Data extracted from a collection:
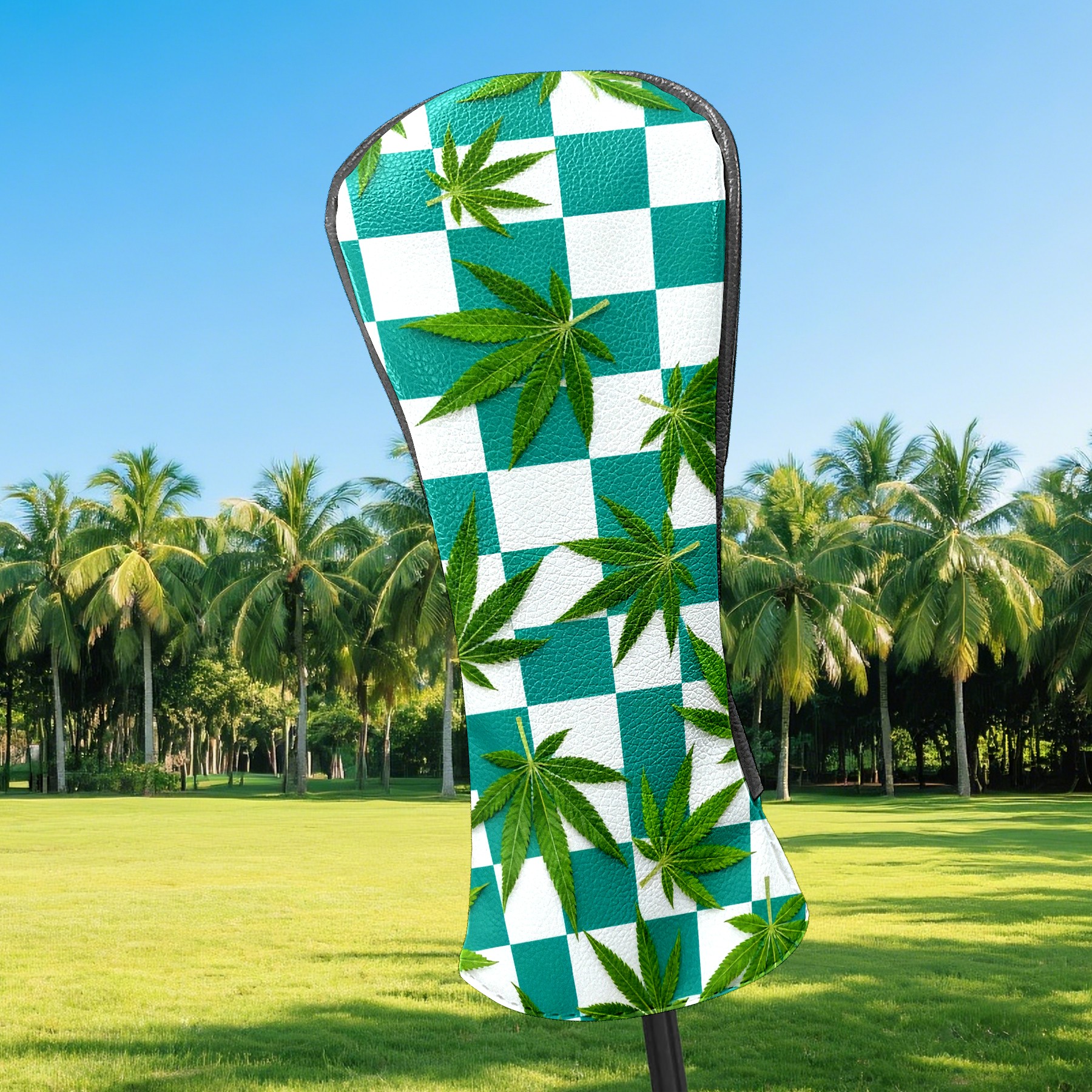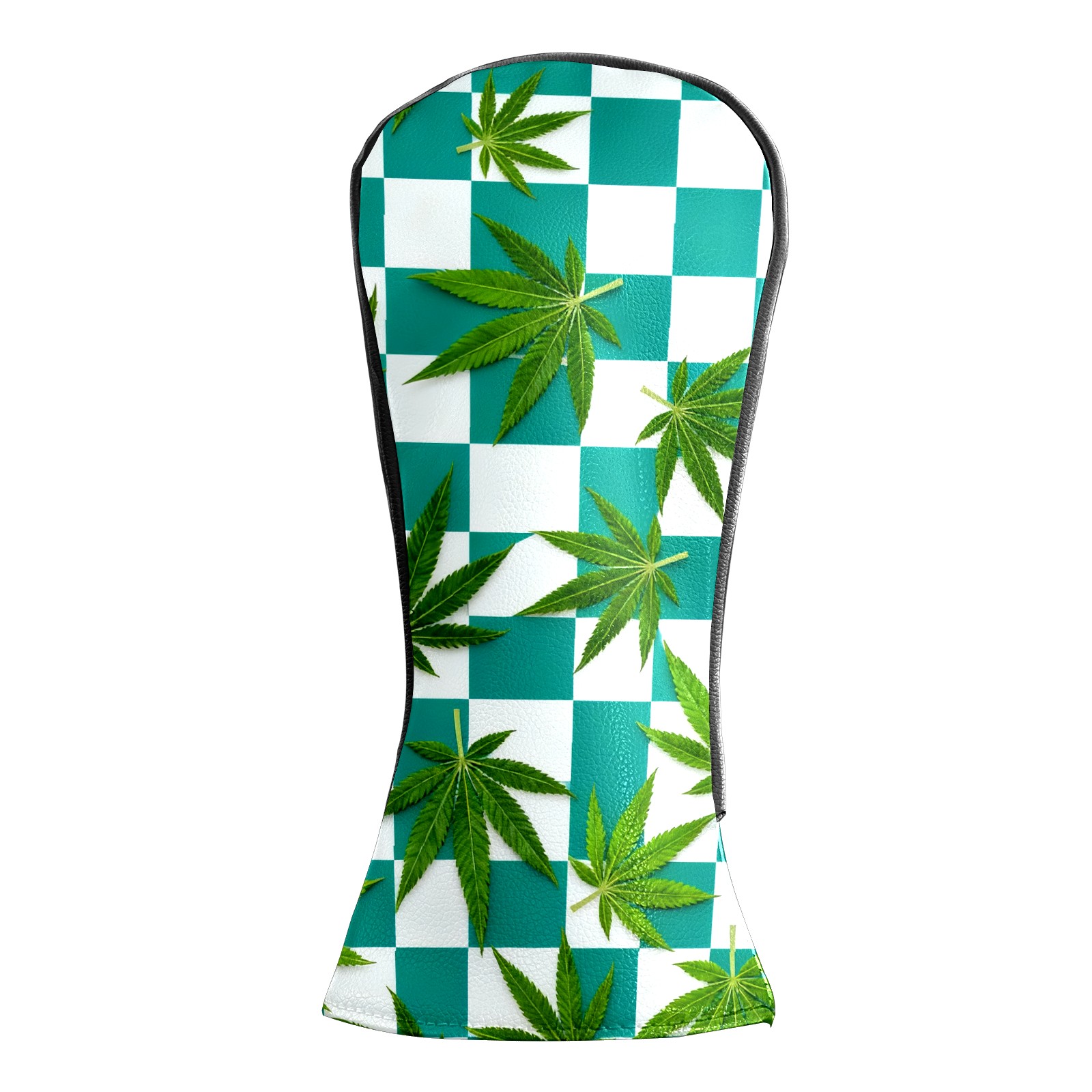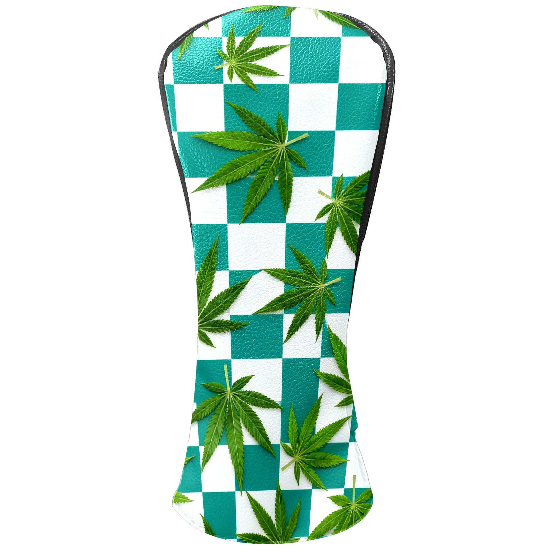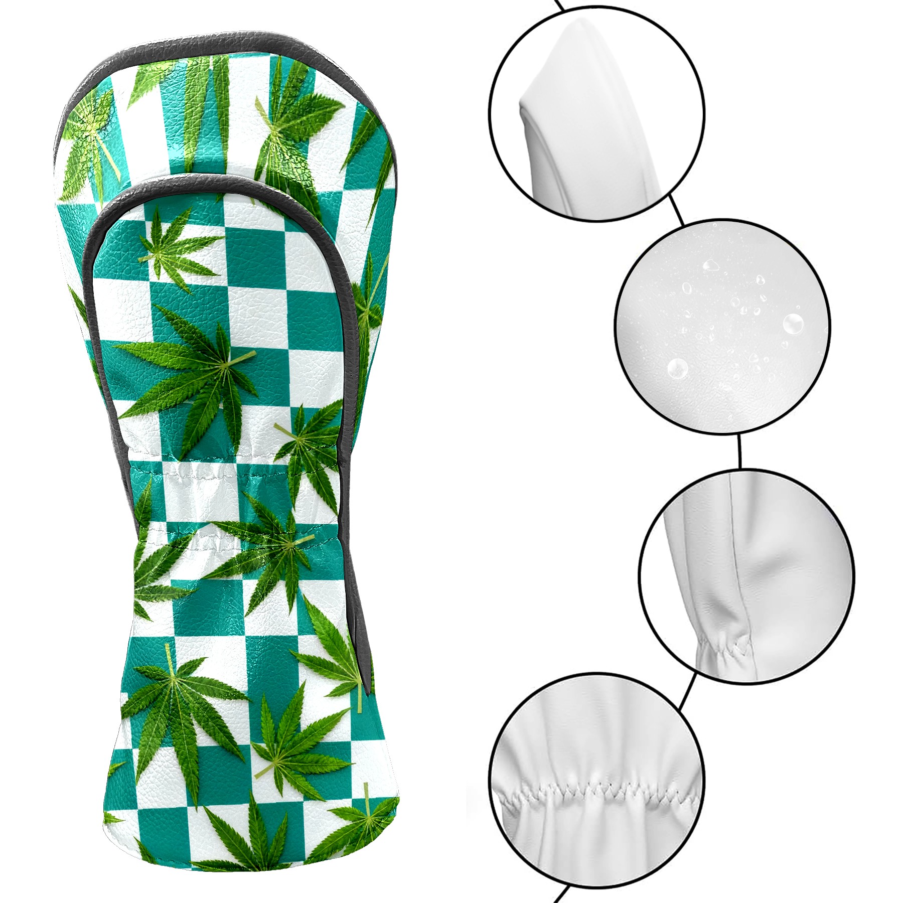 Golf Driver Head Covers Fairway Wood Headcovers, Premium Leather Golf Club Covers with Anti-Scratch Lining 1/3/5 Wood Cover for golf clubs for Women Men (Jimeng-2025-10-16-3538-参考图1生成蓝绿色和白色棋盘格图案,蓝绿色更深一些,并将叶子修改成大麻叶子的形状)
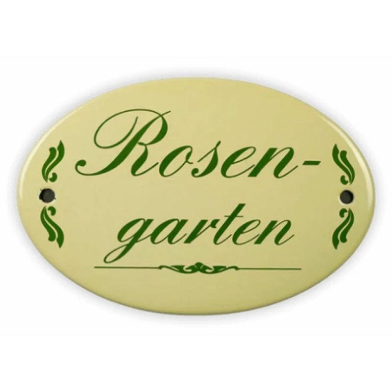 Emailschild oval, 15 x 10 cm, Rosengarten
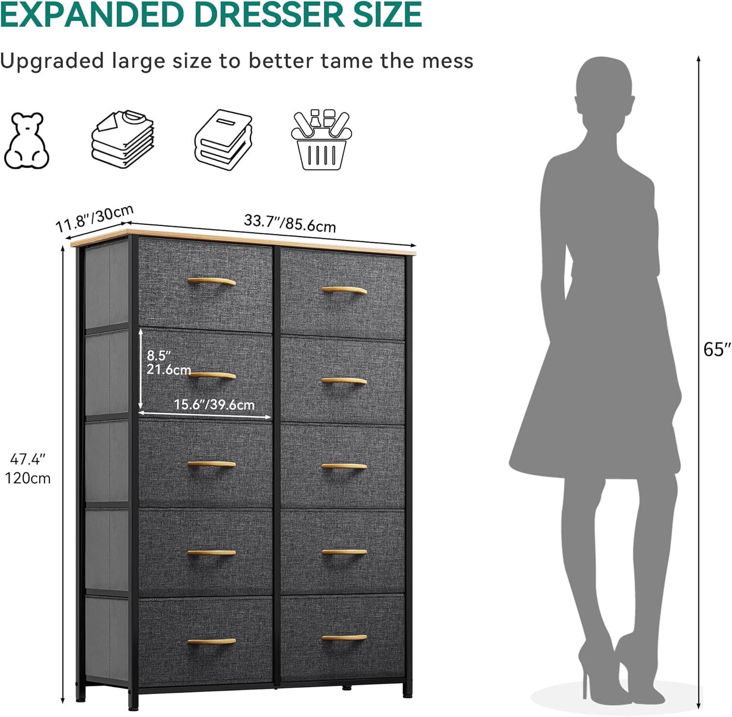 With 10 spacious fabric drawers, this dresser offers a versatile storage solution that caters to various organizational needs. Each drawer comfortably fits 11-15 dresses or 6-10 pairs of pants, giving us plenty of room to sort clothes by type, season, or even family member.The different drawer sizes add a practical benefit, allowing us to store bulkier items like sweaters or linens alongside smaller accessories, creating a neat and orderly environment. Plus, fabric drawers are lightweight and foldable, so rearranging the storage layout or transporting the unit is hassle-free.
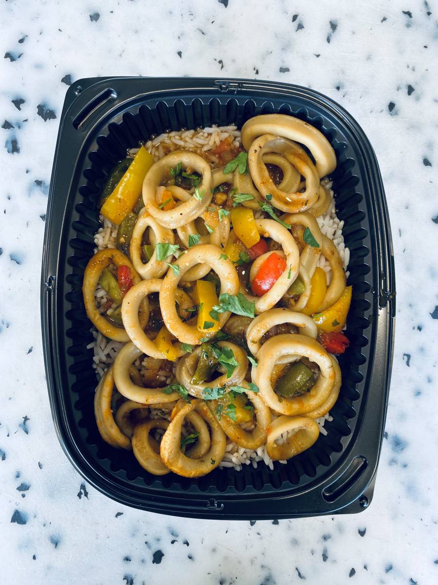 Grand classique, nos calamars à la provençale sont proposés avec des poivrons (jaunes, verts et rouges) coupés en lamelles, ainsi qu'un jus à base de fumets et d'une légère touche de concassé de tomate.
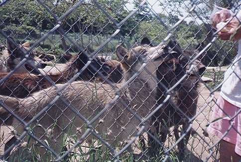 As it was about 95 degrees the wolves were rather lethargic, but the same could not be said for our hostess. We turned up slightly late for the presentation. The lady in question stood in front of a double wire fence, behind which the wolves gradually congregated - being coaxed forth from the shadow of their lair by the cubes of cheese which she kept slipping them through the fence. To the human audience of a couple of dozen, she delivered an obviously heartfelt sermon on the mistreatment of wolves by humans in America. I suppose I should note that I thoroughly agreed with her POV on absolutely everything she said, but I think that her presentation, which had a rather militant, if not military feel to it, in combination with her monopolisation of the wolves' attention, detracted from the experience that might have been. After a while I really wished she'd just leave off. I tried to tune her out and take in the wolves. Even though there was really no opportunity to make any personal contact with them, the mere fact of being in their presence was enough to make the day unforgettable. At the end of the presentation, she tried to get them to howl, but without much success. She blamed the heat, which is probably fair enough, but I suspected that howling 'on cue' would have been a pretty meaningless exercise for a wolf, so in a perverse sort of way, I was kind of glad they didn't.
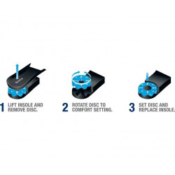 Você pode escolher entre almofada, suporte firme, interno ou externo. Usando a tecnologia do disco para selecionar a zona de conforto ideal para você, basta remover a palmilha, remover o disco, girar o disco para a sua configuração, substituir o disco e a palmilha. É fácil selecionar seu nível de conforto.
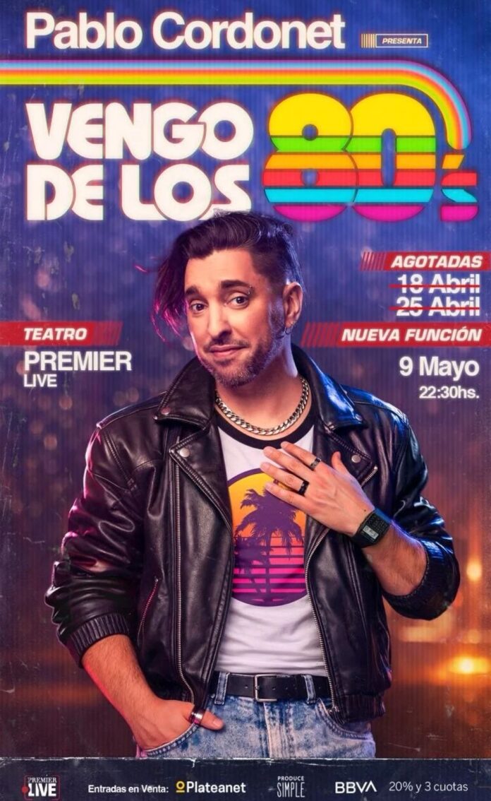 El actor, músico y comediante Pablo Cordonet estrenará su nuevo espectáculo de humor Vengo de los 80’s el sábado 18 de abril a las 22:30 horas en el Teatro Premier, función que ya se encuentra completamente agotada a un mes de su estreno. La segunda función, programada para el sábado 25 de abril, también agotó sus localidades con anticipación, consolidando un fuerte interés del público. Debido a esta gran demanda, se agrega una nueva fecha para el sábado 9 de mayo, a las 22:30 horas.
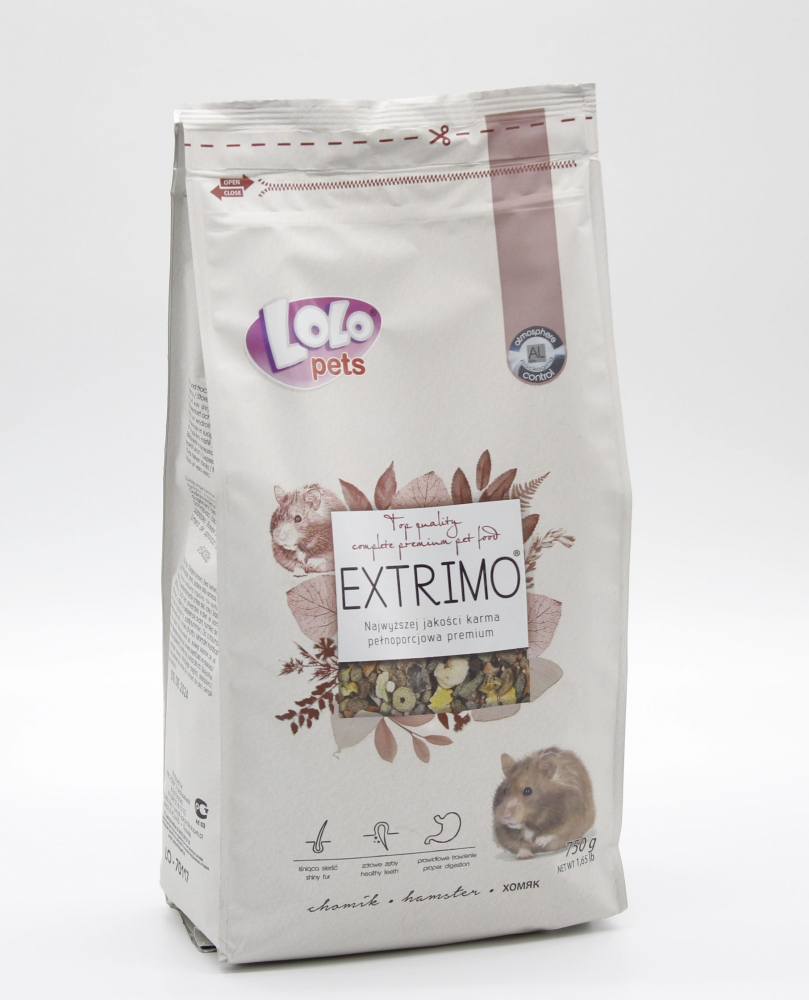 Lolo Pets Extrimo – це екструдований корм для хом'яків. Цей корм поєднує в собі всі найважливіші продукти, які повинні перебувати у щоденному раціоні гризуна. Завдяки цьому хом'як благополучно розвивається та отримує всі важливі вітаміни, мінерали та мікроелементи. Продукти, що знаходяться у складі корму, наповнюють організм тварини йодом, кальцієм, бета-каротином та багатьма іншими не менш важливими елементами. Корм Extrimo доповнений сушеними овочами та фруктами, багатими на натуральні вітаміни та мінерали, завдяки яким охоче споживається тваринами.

• **What you need to do**
Go to the line above holding "As it was about", then copy exactly each line down to and including the one holding "Você pode escolher", leaving pictures out.

• **Written answer**
 As it was about 95 degrees the wolves were rather lethargic, but the same could not be said for our hostess. We turned up slightly late for the presentation. The lady in question stood in front of a double wire fence, behind which the wolves gradually congregated - being coaxed forth from the shadow of their lair by the cubes of cheese which she kept slipping them through the fence. To the human audience of a couple of dozen, she delivered an obviously heartfelt sermon on the mistreatment of wolves by humans in America. I suppose I should note that I thoroughly agreed with her POV on absolutely everything she said, but I think that her presentation, which had a rather militant, if not military feel to it, in combination with her monopolisation of the wolves' attention, detracted from the experience that might have been. After a while I really wished she'd just leave off. I tried to tune her out and take in the wolves. Even though there was really no opportunity to make any personal contact with them, the mere fact of being in their presence was enough to make the day unforgettable. At the end of the presentation, she tried to get them to howl, but without much success. She blamed the heat, which is probably fair enough, but I suspected that howling 'on cue' would have been a pretty meaningless exercise for a wolf, so in a perverse sort of way, I was kind of glad they didn't.
 Você pode escolher entre almofada, suporte firme, interno ou externo. Usando a tecnologia do disco para selecionar a zona de conforto ideal para você, basta remover a palmilha, remover o disco, girar o disco para a sua configuração, substituir o disco e a palmilha. É fácil selecionar seu nível de conforto.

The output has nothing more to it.